The Court noted that the return does not necessarily imply separation of the child from the taking parent. The Convention did not require the child to be left with the left-behind parent but simply that the child returns to the State of his/her habitual residence at the time of the removal. The decision regarding who the child would live with in the future fell to the authorities of that State, in the case at hand, to the Spanish courts.
Procedural matters
The application for return was indeed admissible as it had been made less than a year after the retention. In addition, a wrongful removal could not lead, by principle, to a transfer of jurisdiction between States which are Parties to the Convention. The Supreme Court specified that, as resulting from a decision of the Court of Justice of the European Union, this was valid even if, after the removal, the child had acquired a new habitual residence in the host country.

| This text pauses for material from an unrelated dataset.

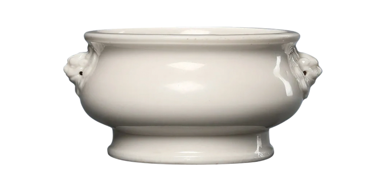 拍品器形、款識均與兩岸故宮博物院藏品相同,束頸,垂腹,圈足,兩側對稱貼塑獅首耳,通體施象牙白釉,釉質滋潤如凝脂,乃明末清初德化窑白瓷之典型特徵。造型典雅莊重,搭配德化白釉,更顯大氣。

Author of the summary: Aude Fiorini
-
See also the decision rendered by the Supreme Court in this matter on 8 May 2013: 6Ob86/13k, Oberster Gerichtshof [INCADAT Reference: HC/E/AT 1295].

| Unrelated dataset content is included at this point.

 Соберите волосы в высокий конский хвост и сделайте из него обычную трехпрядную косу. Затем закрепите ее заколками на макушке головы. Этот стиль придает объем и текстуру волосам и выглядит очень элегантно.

Article 12 of the Convention does not prescribe the place to which the child should be returned. The drafters wished for the provision to be left sufficiently wide to allow for a return to a State other than that of the child's habitual residence. However, the Preamble makes clear that the general intention is that a return should be to the latter State. Of course a return to the State of habitual residence does not of itself require the child to be placed into the care of the applicant parent or indeed of a State agency; very often the child will remain in the care of the abducting parent pending the determination of the substantive custody case. Furthermore a return need not mean a return to the particular place in the State where the child previously lived.
Courts have taken advantage of the flexibility in the drafting of Article 12 when dealing with return applications, see:
Australia
Murray v. Director, Family Services (1993) FLC 92-416 [INCADAT cite: HC/E/AU 113].
The Full Court suggested that mother and children return to a different part of New Zealand from that where they previously lived in order to avoid danger at the hands of the applicant father.
Israel
G. v. B., 25 April 2007, Court for Family Matters, Beersheva [INCADAT cite: HC/E/IL 910].
Child ordered to be returned to Belgium, the country where he was to live, although it was not his State of habitual residence prior to the removal.
Where a court considered that the applicant father had no intention of actually remaining in the State of habitual residence with the child, but was actually seeking to bring about a relocation to a non-Convention State, it decided not to make a return order.
Canada
Espiritu v. Bielza, [2007] O.J. No. 1587; 2007 ONCJ 175; 39 R.F.L. (6th) 218; 2007 CarswellOnt 2546, [INCADAT cite: HC/E/CA 728].
For discussion of the drafting of Article 12 see:
P. Beaumont & P. McEleavy The Hague Convention on International Child Abduction, Oxford OUP, 1999.